By Rosemary McGinn
The Upper West Side has long been home to a thriving community of loosely organized 12-Step groups that provide life-saving support through meetings and face-to-face fellowship.
Often referred to as “mutual-aid” groups by experts, all kinds of 12-Step groups have found meeting places in the neighborhood, including Alcoholics Anonymous (AA), Al-Anon Family Groups (a 12-Step program for relatives and friends of alcoholics), Narcotics Anonymous (NA), Naranon Family Groups, Sex Addicts Anonymous, Overeaters Anonymous, Gamblers Anonymous, Debtors Anonymous, and others.
Many major 12-Step fellowships have a history of seeking out people who are beyond the reach of traditional meetings. AA has a well-established infrastructure for connecting with the homebound, incarcerated, those living in remote areas, or service members stationed in far-flung areas. Before the pandemic, there was a small but well-organized presence of online AA groups, Online Intergroup of Alcoholics Anonymous (OIAA).
So, on March 22, 2020, when New York State banned non-essential gatherings of individuals of any size for any reason, many 12-Step groups and members knew exactly what to do to shift to digital platforms.
New York Intergroup is where the business of local AA gets done. The office’s small staff responded to the crisis with alacrity and ingenuity, starting with securing an enterprise license — a contract that allows purchase of a software product at a discounted, fixed rate for a certain period of time — with a leading provider of remote conferences, Zoom. They offered no-cost Zoom accounts for groups that could support up to 1,000 participants.
Intergroup also helped groups set up and host virtual meetings, creating resources such as meeting listings and user guides. Special workers were hired to provide technical support, rather than the volunteers who form the heart of the outreach function. That enterprise license was only terminated in March 2022, after months of assisting groups as they sought their own licenses. Intergroup continues to offer help and guidance as groups consider re-opening in-person meetings.
Is In-Person Indispensable?
Experts and lay people have assumed that in-person meetings are indispensable to 12-Step recovery, as evidenced by the previous paucity of virtual meetings. But as the pandemic continues to twist and turn through New York, we may be learning otherwise. Today, remote meetings that use technology (like Zoom) are “home” to hundreds, maybe thousands, of “Zoom babies” – people whose entire experience of AA has been remote. Many of them say they had tried to get sober via face-to-face meetings, but were unsuccessful.
While virtual groups started as a stopgap way to get through the pandemic, both participants and experts say virtual sessions have some clear advantages and will likely become a permanent part of recovery.
It’s hard to assess the size of the 12-Step community anywhere, and the Upper West Side is no exception. Each group is autonomous, not “reporting in” to a governing body; the local and international offices are there to serve the groups, not control them. The number of groups does not capture the scale or number of individuals attending.
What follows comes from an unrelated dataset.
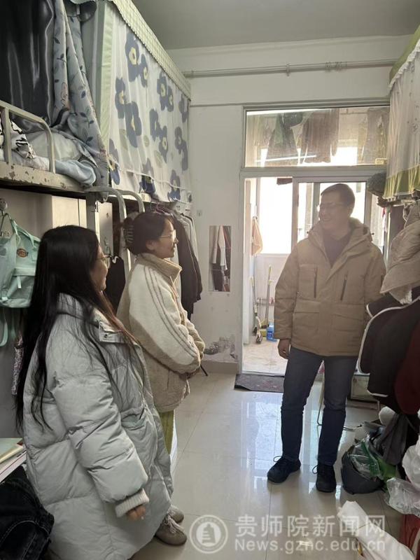 走访过程中,学院领导老师与同学们亲切座谈交流,围绕寒假前宿舍安全管理关键环节,系统强调安全注意事项。针对宿舍安全,明确严禁使用大功率电器、私拉乱接电线等危险行为,要求学生离校前逐项排查,彻底切断电源、关闭水源、锁好门窗,从源头杜绝安全隐患。针对离校出行,清晰告知学校最晚离校规定,提醒同学们科学规划行程、预留充足出行时间,避免因行程仓促引发意外;同时要求学生到家后第一时间通过班级群或电话向班主任报备平安,确保学院与学生信息畅通。此外,老师们还着重叮嘱学生,假期期间要时刻紧绷安全之弦,切实注意出行交通、居家防火防盗安全,远离危险区域与不良诱惑,全力保障自身生命财产安全。同时,辅导员老师们结合假期时间充裕的特点,叮嘱同学们合理规划寒假作息,扎实推进学业规划,针对性开展英语专业四八级、教师资格证等各类考级复习准备工作,利用假期查漏补缺、提升学业能力,做到劳逸结合、学有所获。

Nonetheless we pursue here some imperfect strategies to get a sense of how the pandemic has affected Upper West Side 12-Step groups and members.
Pre-pandemic, the Upper West Side was home to 169 AA meetings at all times of day and night. Today, 138 meetings are listed for the Upper West Side: 65 virtual and 73 in-person.
One of the most popular and prominent meeting spaces for all mutual-aid groups on the Upper West Side is “The Little Room”. (See the photo above.) Nestled under the parish house of Holy Name of Jesus-Saint Gregory the Great Parish, at 207 West 96th Street, meetings start at The Little Room every day at 6 am, with the doors closing after 11 pm. Pre-pandemic, capacity was about 40; it’s now subject to adjustment.
In another example, a thriving Al-Anon group held two meetings every Saturday afternoon on West 99th Street, with up to 100 participants at each meeting. Within weeks of the lockdown, they banded together to launch two virtual meetings that sometimes draw over 100 participants each. The group has just re-opened an in-person meeting on Saturdays, limited to 30 people. So, while this group formerly hosted around 150 participants weekly, today it averages about the same albeit in different formats.
The story of the Upper West Side 12-Step community is relevant not just to people who attend meetings and their families and friends, but, given its intricate interdependence with the community, it affects all of us.
Rosemary McGinn is a lawyer and a Credentialed Alcoholism and Substance Abuse Counselor (CASAC).